▸ REQUIREMENT: No picture belongs in the copy. Repeat each line below exactly.

▸ PROVIDED DATA:
------------------------------
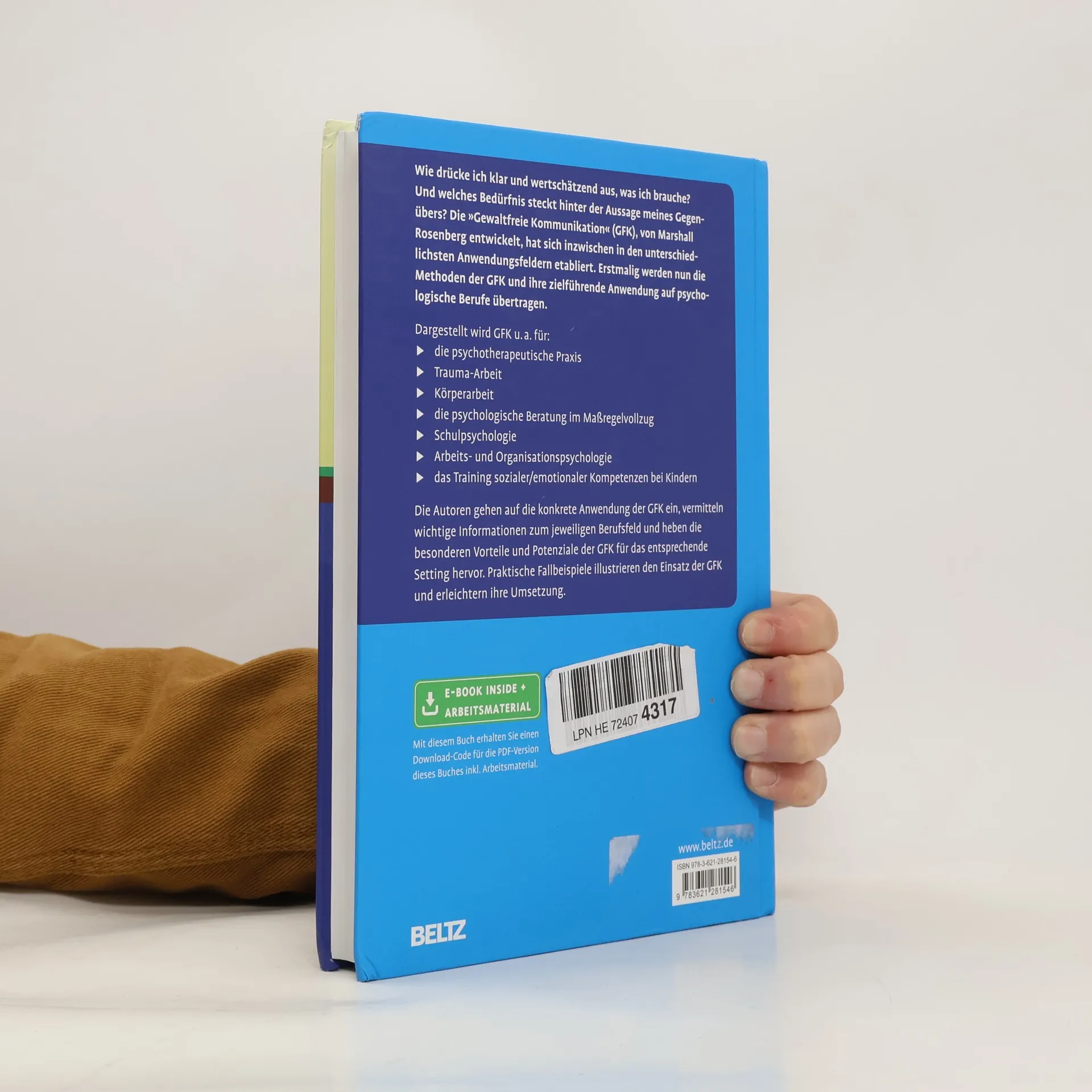 Die »Gewaltfreie Kommunikation« (GFK) ist ein Kommunikationskonzept, das von Marshall Rosenberg entwickelt wurde und inzwischen in unterschiedlichen Bereichen eingesetzt wird. Im Mittelpunkt steht die Entwicklung einer wertschätzenden Beziehung zum Gegenüber, die mehr Kooperation ermöglicht. Geiger und Baumgartner übertragen nun erstmalig die Methoden der GFK und ihre zielführende Anwendung auf die Psychologie und Psychotherapie. Die Autoren vermitteln nützliche Informationen zum jeweiligen Berufsfeld, gehen auf die konkrete Anwendung der GFK in diesem Bereich ein und heben besondere Vorteile und Potenziale der GFK für das entsprechende Setting hervor. Praktische Fallbeispiele veranschaulichen außerdem die Durchführung. Mit E-Book inside und Arbeitsmaterial Aus dem Inhalt Grundlagen der Gewaltfreien Kommunikation (GFK) • GFK in der psychotherapeutischen Praxis • GFK in der Traumaarbeit • GFK in der Körperarbeit • GFK in der psychologischen Beratung im Maßregelvollzug • Transformation schmerzhafter Erfahrungen • GFK in der Schulpsychologie • GFK in der Arbeits- und Organisationspsychologie • GFK im Training sozialer/emotionaler Kompetenzen bei Kindern
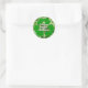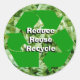 Sticky Reminder! It's a "green" message on this round template sticker with a green shredded, crinkled paper background. The text is centred within the green Mobius Loop recycle symbol. Keep this environmental message or fill in the template block with your words. Or click "Customize it" to select a font style, size and colour you prefer. The entire design is customizable.
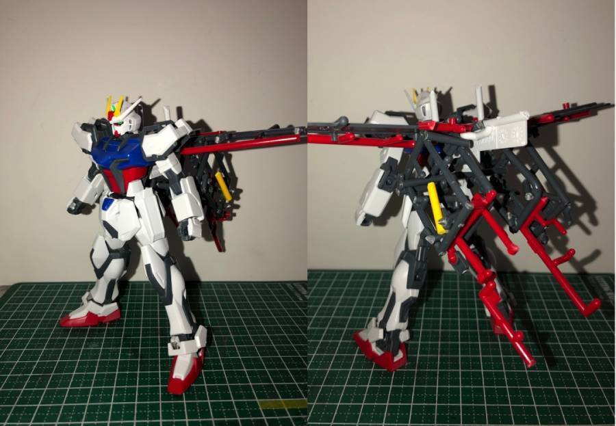 本当はシールドも作りたかったそうですが……赤いランナーが足りず惜しくも断念。とはいえだれがどう見ても「エールストライク」に見える素晴らしい出来栄えの作品となりました。
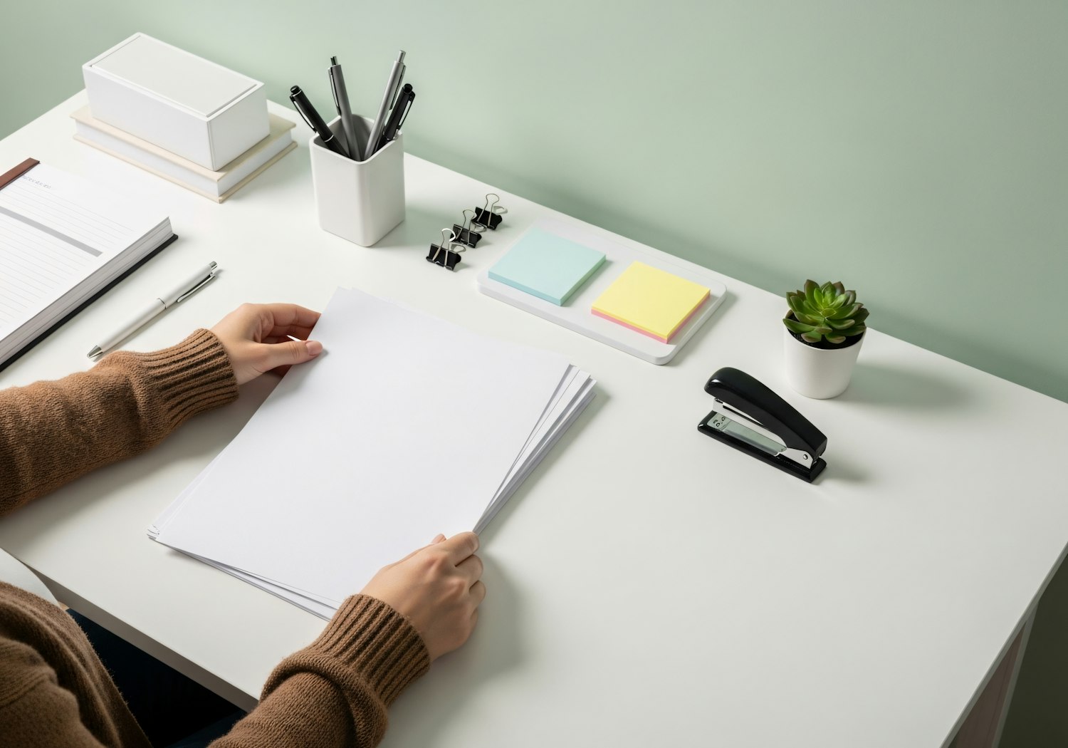 A clean and organized desk setup with office supplies, a succulent plant, and a person holding papers, set against a soft green wall.
------------------------------
▸ RESPONSE BOX:
 Die »Gewaltfreie Kommunikation« (GFK) ist ein Kommunikationskonzept, das von Marshall Rosenberg entwickelt wurde und inzwischen in unterschiedlichen Bereichen eingesetzt wird. Im Mittelpunkt steht die Entwicklung einer wertschätzenden Beziehung zum Gegenüber, die mehr Kooperation ermöglicht. Geiger und Baumgartner übertragen nun erstmalig die Methoden der GFK und ihre zielführende Anwendung auf die Psychologie und Psychotherapie. Die Autoren vermitteln nützliche Informationen zum jeweiligen Berufsfeld, gehen auf die konkrete Anwendung der GFK in diesem Bereich ein und heben besondere Vorteile und Potenziale der GFK für das entsprechende Setting hervor. Praktische Fallbeispiele veranschaulichen außerdem die Durchführung. Mit E-Book inside und Arbeitsmaterial Aus dem Inhalt Grundlagen der Gewaltfreien Kommunikation (GFK) • GFK in der psychotherapeutischen Praxis • GFK in der Traumaarbeit • GFK in der Körperarbeit • GFK in der psychologischen Beratung im Maßregelvollzug • Transformation schmerzhafter Erfahrungen • GFK in der Schulpsychologie • GFK in der Arbeits- und Organisationspsychologie • GFK im Training sozialer/emotionaler Kompetenzen bei Kindern
 Sticky Reminder! It's a "green" message on this round template sticker with a green shredded, crinkled paper background. The text is centred within the green Mobius Loop recycle symbol. Keep this environmental message or fill in the template block with your words. Or click "Customize it" to select a font style, size and colour you prefer. The entire design is customizable.
 本当はシールドも作りたかったそうですが……赤いランナーが足りず惜しくも断念。とはいえだれがどう見ても「エールストライク」に見える素晴らしい出来栄えの作品となりました。
 A clean and organized desk setup with office supplies, a succulent plant, and a person holding papers, set against a soft green wall.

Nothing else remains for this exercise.